Go to the line that contains "焦棗6顆 ➕ 山藥30g ➕ 陳皮5g", then write out that line and all that follow to the end of the listing, exactly and without pictures.

*** Information shown ***

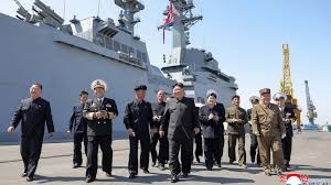 The Korean Central News Agency, another state outlet, published photos of Kim and other senior officials watching from a pier as a projectile trailed gray smoke while arcing away from the warship.
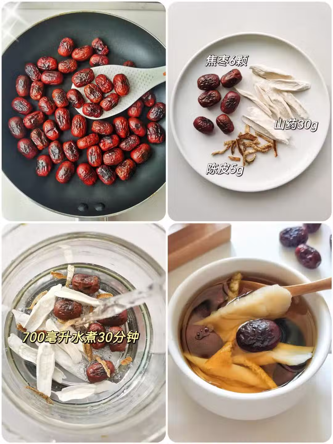 焦棗6顆 ➕ 山藥30g ➕ 陳皮5g
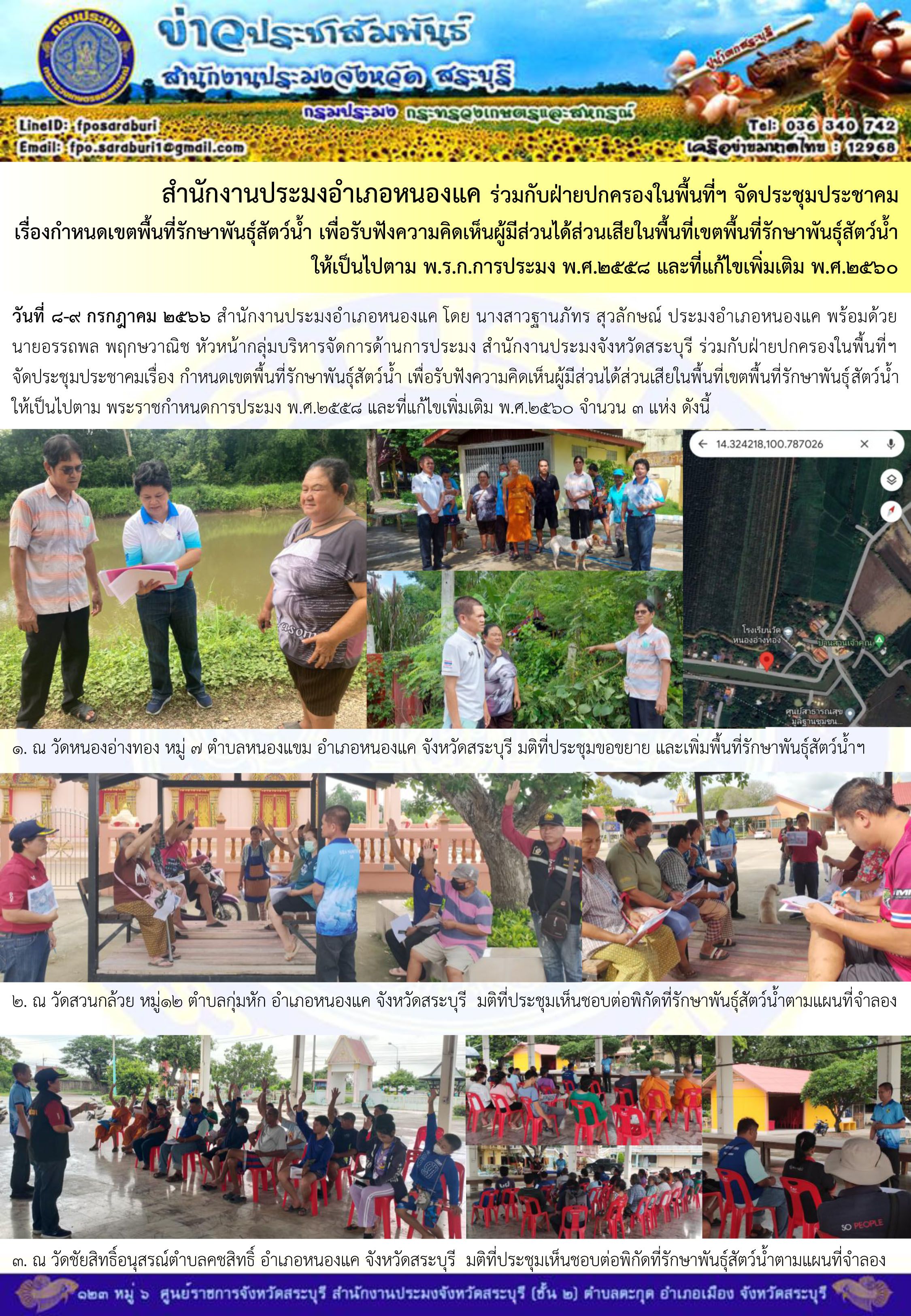 ภารกิจประจำวันที่ 8 กรกฎาคม 2566 สำนักงานประมงจังหวัดสระบุรี

*** End of Information shown ***

Answer for this exercise:
 焦棗6顆 ➕ 山藥30g ➕ 陳皮5g
 ภารกิจประจำวันที่ 8 กรกฎาคม 2566 สำนักงานประมงจังหวัดสระบุรี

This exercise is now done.